United States District Court, W.D. New York

October 27, 2014

LEYDY BELLO, Plaintiff,
v.
COUNTY OF NIAGARA, INVESTIGATOR DWORZANSKI FNU, intended to be the individual who charged plaintiff with a Criminal Complaint in the Niagara Falls City Court, BRIAN GAFFNEY, M.J. LEGGETT, and NIAGARA COUNTY SHERIFF'S DEPARTMENT, Defendants.

DECISION AND ORDER

WILLIAM M. SKRETNY, Chief District Judge.

I. INTRODUCTION

In this action, Plaintiff Leydy Bello alleges that her constitutional rights were violated and she was subjected to the negligent infliction of emotional distress when she was arrested on charges of welfare fraud in or about November 2010.

Presently before this Court is Defendants' Motion for Summary Judgment seeking dismissal of Plaintiff's claims in their entirety.

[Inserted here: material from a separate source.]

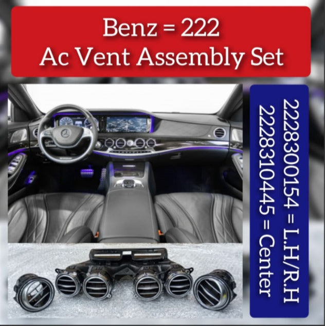 Efficiently control the air flow in your Mercedes-Benz 222 E Class W222 with our AC Vent Assembly Set. This set includes a left vent assembly (2228300154) and center vent assembly (2228310), both fully compatible and used by Mercedes-Benz. Improve your driving experience with precise control of air distribution.
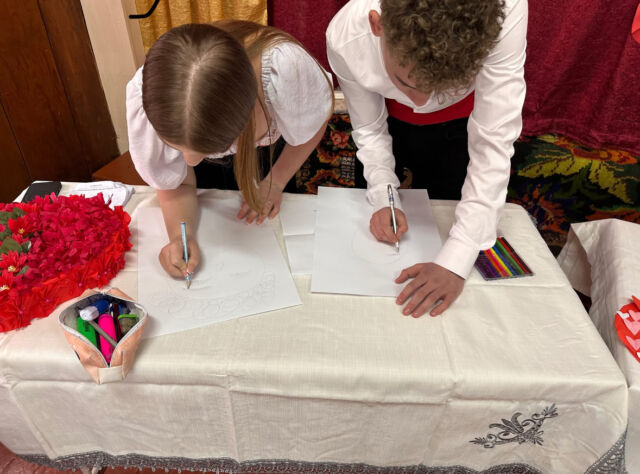 Din acel moment, probele au continuat contra timp. Portretul reciproc a adus zâmbete și concentrare. Creioanele au surprins trăsături, expresii și poate chiar emoții ascunse, iar la final desenele au fost oferite în dar, într-un gest care a transformat portretele într-o amintire.

For the reasons stated below, the motion will be granted.

II. BACKGROUND

A. Facts

Ms. Bello, who previously resided in New York City and now resides in Niagara Falls, New York, has received assistance from various programs available to low-income households. On February 6, 2009, the Home Energy Assistance Program ("HEAP") received an application from Ms. Bello for assistance with her utility bills in Niagara Falls.

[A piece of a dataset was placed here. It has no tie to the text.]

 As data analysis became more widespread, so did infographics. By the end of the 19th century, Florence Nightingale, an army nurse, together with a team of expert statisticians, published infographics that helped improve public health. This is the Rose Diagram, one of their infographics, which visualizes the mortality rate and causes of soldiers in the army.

On February 9, 2009, HEAP requested that the New York State Office of Temporary Disability Assistance ("OTDA") conduct an investigation of Bello's household to look into: household composition, whether Ms. Bello was receiving self-employment income from an internet business, and the source of a $500 deposit to her checking account. An email from OTDA, dated February 17, 2009, confirms that the agency received fraud referrals from Albany relating to Ms. Bello, and also to Donnell Richardson, who is the father of Bello's children. OTDA was informed Bello and Richardson had maintained separate households in New York City, with one child residing with each of them. Each household, which received New York City benefits, moved to Niagara Falls in or about April 2008, where each household continued to receive separate benefits. According to the OTDA email, there was reason to believe the family was then living in a single household. Ms. Bello had purchased a home, Richardson was seen there, and the budgets each had submitted in New York City did not reflect sufficient income to allow either of them to separately purchase or maintain a home.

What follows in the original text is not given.